Furthermore, access to funding will remain very limited until such time as 
significant money market liquidity is restored, which can only occur once 
Zimbabwe has considerable, consistent, and recurrent economic stability and 
growth, as well as ready access to international loan funding and foreign 
direct investment.

One reason the book’s authors justify their contentions of success of the 
Zimbabwean land reform is that, as a result of that reform, 245 000 new 
farmers exist, giving them enhanced prospects of improved livelihood. 
However, that alleged counter to poverty disregards that in excess of 350 
000 farm workers lost employment, and therefore their source of income, 
primarily because most of the new farmers could not employ them.
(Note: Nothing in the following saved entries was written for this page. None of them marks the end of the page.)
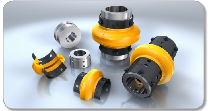
Taper Bush hub Finish bore hub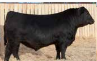
LOST RIVER FARMING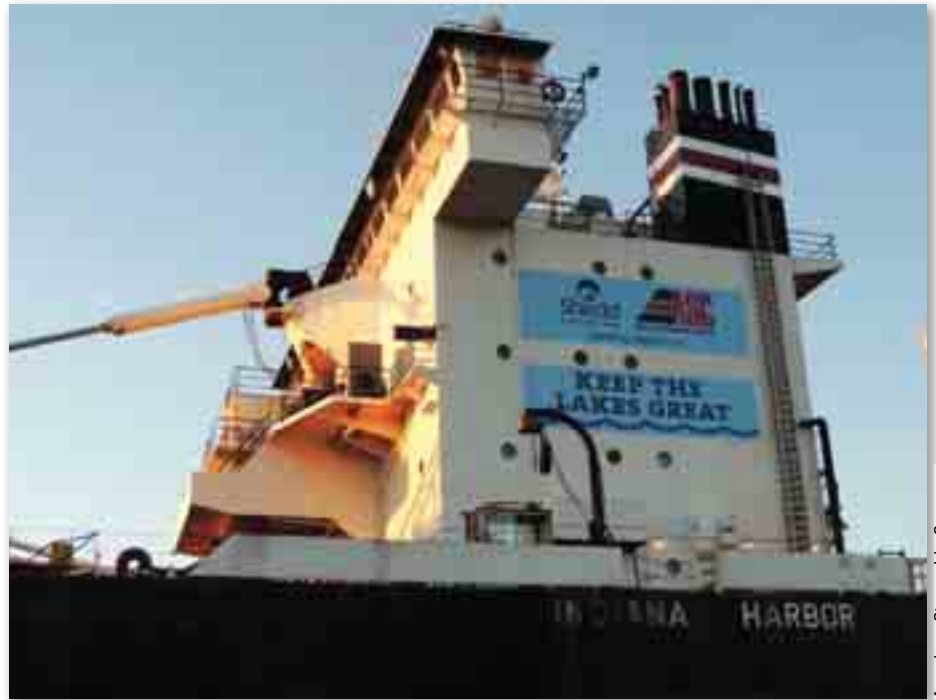
American Steamship Company

The vessel travels throughout the Great Lakes, including ports in western Lake Superior, and southern Lake Michigan, Detroit and Cleveland. ASC is actively researching ways to stop the spread of non-native aquatic species. In an effort to address the issue, ASC has been exploring methods for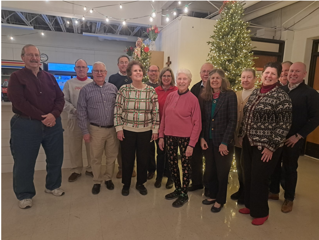
Attendees at the 2026 Chapter Epiphany Party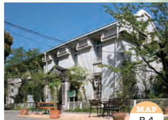
Nawa Insect Museum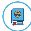
ACQUISITION OF EXPERTISE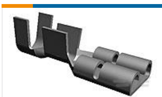
TE Part #100570-2 250 FASTON,REC.,14-17AWG,TPBR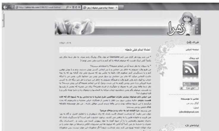
Figure 4. An April 2007 post from the blog Zahra criticizing methods police forces used to enforce dress codes for Iranian women.

Although I believe in hejab , never and under no circumstances could I hurt someone physically or mentally (and to this degree) over something like [the dress code] or anything else. Does that mean that my faith is weak? Or that their way is the right way? Do you really think this is the way to enact amr-e be maroof [the Islamic imperative that Muslims are to guide other Muslims] or to prevent corruption? It is strange to me that some of the police are women. Does their work make them impervious to the cries and the begging of girls and women or is that how they were before? I would really like to hear the views of those who agree with regulating dress codes in accordance to this current method. It might be interesting for you to know that at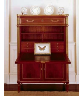
Replica of desk on which James Monroe signed the Monroe Doctrine in 1823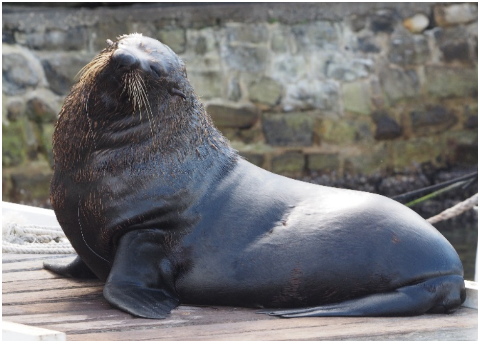
Figure 11 Evaluating an entanglement

Every seal needs to be closely observed to look for evidence of entanglements. While heavy marine debris such as ropes and nets are easily seen, some entanglements such as fishing line are not very obvious at first glance (Figure 11). Each entanglement needs to be recorded with details on the type of materials and their location on the seal. While some fishing equipment such as hooks and sinkers may fall off naturally, other entanglements will require intervention. The process is incredibly stressful and having a plan in place before commencing will minimise the stress on the animal. This means the information and photographs provided to NPWS staff tasked with carrying out the disentanglement process are crucial.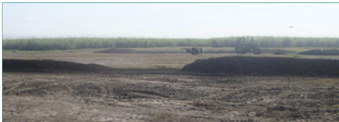
Fig. 10: The difference in the rate of composting is very evident in the treated vs. the control rows by this time validating the increased degradation rate of MICROBE-LIFT® cultures.

The increased degradation of the treated windrow compared to the control is already very evident when the third application was performed 23 days later.

On a basis 
that each of the former farm workers supported themselves and an average of 
at least five other family and dependants, almost two million Zimbabweans 
were reduced to extreme poverty.

The economy has also been cataclysmically ruined by the expropriation of the 
lands without compensation, and in very many instances, in disregard for 
Zimbabwe’s obligations under numerous Bilateral Investment Promotion and 
Protection Agreements (Bippas), as a result of which many potential foreign 
direct investors have been deterred and discouraged from investing in 
Zimbabwe. This has been severely prejudicial to the economy as a whole, and 
therefore to a great majority of Zimbabweans.

The bottom line is that, in contrast to the conclusions of the book’s 
authors, which are very considerably aligned with those of the initiators of 
land reform, and that of the programme’s continuing advocates, its benefits 
are grossly exceeded by its negative consequences.